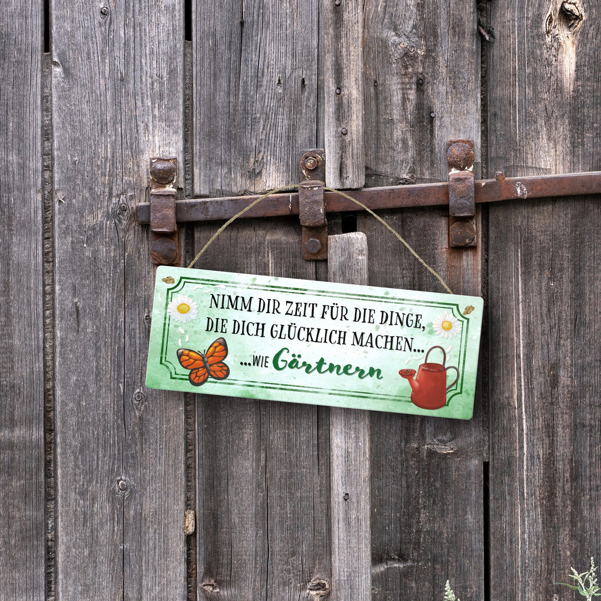 - 1x Metallschild mit Spruch - Nimm dir Zeit zu Gärtnern in der gewählten Größe
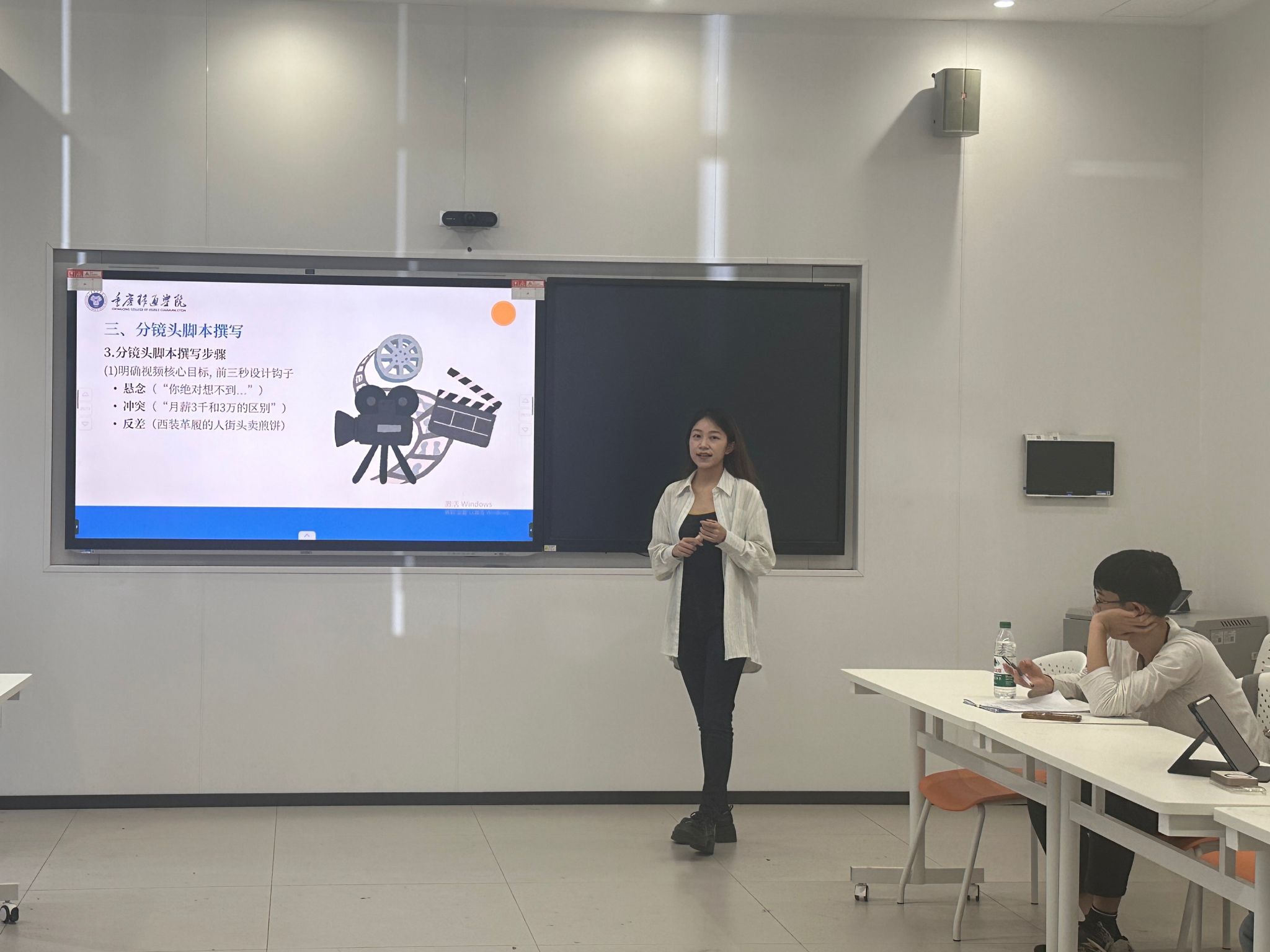 课堂伊始,王曦妍老师化身“镜头语言导师”,围绕景别、拍摄角度和转场技巧三大要素展开系统讲解。她通过拆解多部影视作品的经典片段,生动阐释了不同景别如何传递情绪、塑造人物,不同拍摄角度怎样营造独特的视觉张力,以及巧妙的转场技巧如何实现画面的自然衔接。学生们在丰富的案例展示中,对镜头语言的运用有了更直观、深刻的理解。
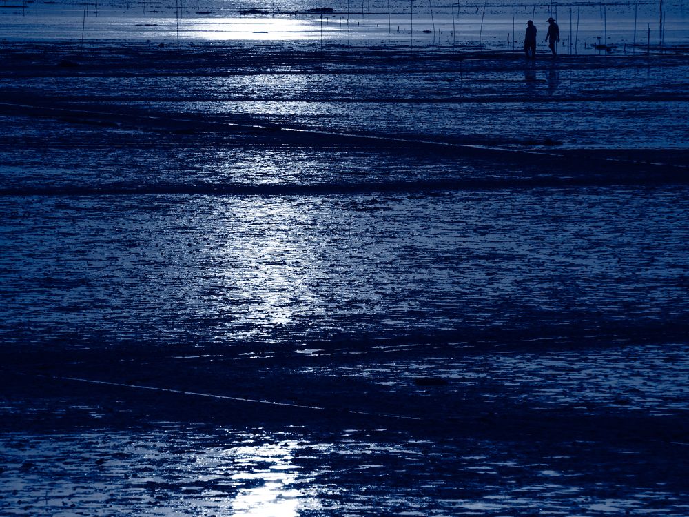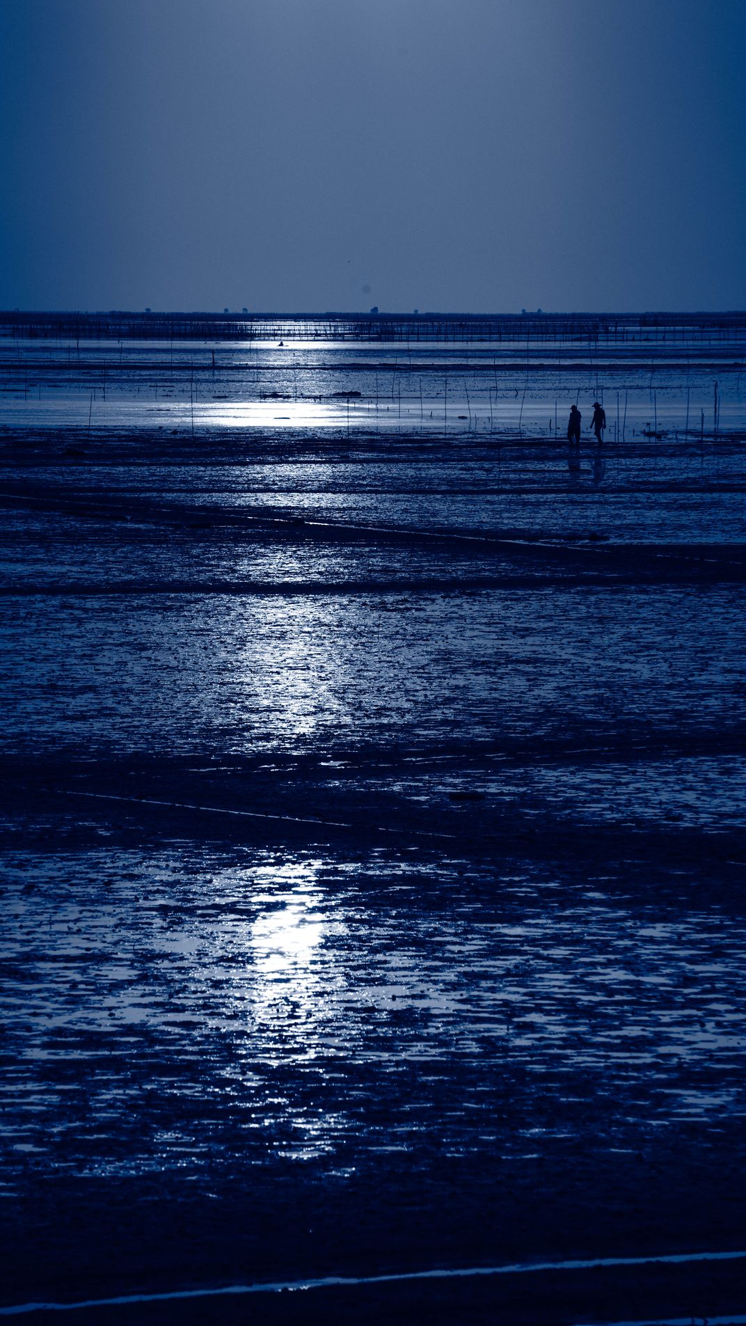 Two strolling visitors wandered along the shore, keeping a deliberate distance from the moonlight—brilliant as a spotlight on a stage. Like the black and white keys of a piano, they never met, yet their silent dance held an ineffable poetry.
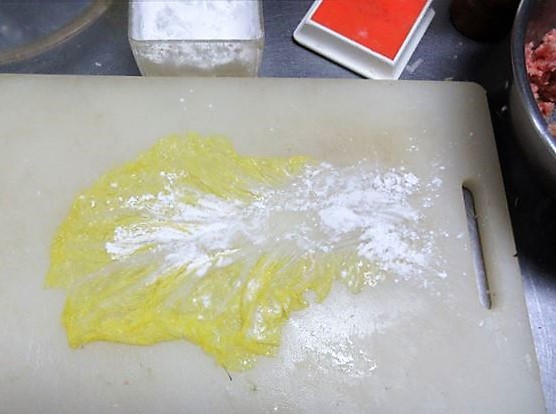 - 白菜を広げ、長かったり、厚かったりした場合は、軸の部分で調節し、片栗粉を全体に振る。
++++++++++++++++++++
TASK PROMPT: Please restate exactly the lines from the one containing "Two strolling visitors" down to the end of the material, both ends kept, and do not include the pictures.

RESPONSE AREA:
 Two strolling visitors wandered along the shore, keeping a deliberate distance from the moonlight—brilliant as a spotlight on a stage. Like the black and white keys of a piano, they never met, yet their silent dance held an ineffable poetry.
 - 白菜を広げ、長かったり、厚かったりした場合は、軸の部分で調節し、片栗粉を全体に振る。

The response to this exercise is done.